* [WORK ITEM]:
Return only what lies between the first line of the entries and the line containing "The Malossi Wild", both lines included.
EXTRACTED INFORMATION START
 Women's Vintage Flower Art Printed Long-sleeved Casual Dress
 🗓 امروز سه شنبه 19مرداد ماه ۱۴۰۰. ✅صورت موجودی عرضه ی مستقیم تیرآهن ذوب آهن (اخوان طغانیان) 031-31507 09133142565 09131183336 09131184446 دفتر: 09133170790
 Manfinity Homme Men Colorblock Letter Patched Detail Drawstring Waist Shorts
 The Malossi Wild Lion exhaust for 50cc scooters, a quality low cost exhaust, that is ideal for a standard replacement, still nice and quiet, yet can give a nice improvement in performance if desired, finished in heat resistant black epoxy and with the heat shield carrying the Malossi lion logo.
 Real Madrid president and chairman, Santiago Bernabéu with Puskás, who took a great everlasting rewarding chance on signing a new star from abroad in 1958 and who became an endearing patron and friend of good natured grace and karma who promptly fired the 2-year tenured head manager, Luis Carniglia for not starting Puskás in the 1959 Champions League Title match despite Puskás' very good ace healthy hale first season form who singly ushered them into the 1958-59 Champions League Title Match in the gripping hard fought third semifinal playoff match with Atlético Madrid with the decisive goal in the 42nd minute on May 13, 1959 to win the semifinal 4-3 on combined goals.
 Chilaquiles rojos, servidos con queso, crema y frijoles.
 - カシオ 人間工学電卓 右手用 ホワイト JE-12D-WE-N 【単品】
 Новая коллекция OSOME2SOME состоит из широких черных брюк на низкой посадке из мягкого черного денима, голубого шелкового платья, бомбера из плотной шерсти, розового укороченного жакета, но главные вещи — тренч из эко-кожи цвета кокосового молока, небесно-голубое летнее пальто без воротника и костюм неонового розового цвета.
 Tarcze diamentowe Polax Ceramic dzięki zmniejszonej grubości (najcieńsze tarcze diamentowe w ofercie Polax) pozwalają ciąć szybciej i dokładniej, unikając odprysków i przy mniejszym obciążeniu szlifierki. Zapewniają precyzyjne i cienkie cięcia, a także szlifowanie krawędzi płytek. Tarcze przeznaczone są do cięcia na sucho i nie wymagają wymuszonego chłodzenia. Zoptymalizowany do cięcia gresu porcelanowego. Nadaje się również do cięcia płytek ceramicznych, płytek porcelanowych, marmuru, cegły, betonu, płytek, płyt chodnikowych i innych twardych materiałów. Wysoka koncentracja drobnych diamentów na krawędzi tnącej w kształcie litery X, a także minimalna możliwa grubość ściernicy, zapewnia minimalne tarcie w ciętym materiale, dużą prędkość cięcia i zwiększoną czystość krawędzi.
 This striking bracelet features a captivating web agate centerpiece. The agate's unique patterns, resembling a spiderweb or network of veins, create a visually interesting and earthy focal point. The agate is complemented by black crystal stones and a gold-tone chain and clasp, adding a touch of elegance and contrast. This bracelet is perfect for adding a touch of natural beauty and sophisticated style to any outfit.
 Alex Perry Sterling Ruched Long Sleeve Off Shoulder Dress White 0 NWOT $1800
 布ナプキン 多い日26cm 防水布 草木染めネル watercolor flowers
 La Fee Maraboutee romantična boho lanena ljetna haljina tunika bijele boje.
EXTRACTED INFORMATION END
* [FINISHED TASK]:
 Women's Vintage Flower Art Printed Long-sleeved Casual Dress
 🗓 امروز سه شنبه 19مرداد ماه ۱۴۰۰. ✅صورت موجودی عرضه ی مستقیم تیرآهن ذوب آهن (اخوان طغانیان) 031-31507 09133142565 09131183336 09131184446 دفتر: 09133170790
 Manfinity Homme Men Colorblock Letter Patched Detail Drawstring Waist Shorts
 The Malossi Wild Lion exhaust for 50cc scooters, a quality low cost exhaust, that is ideal for a standard replacement, still nice and quiet, yet can give a nice improvement in performance if desired, finished in heat resistant black epoxy and with the heat shield carrying the Malossi lion logo.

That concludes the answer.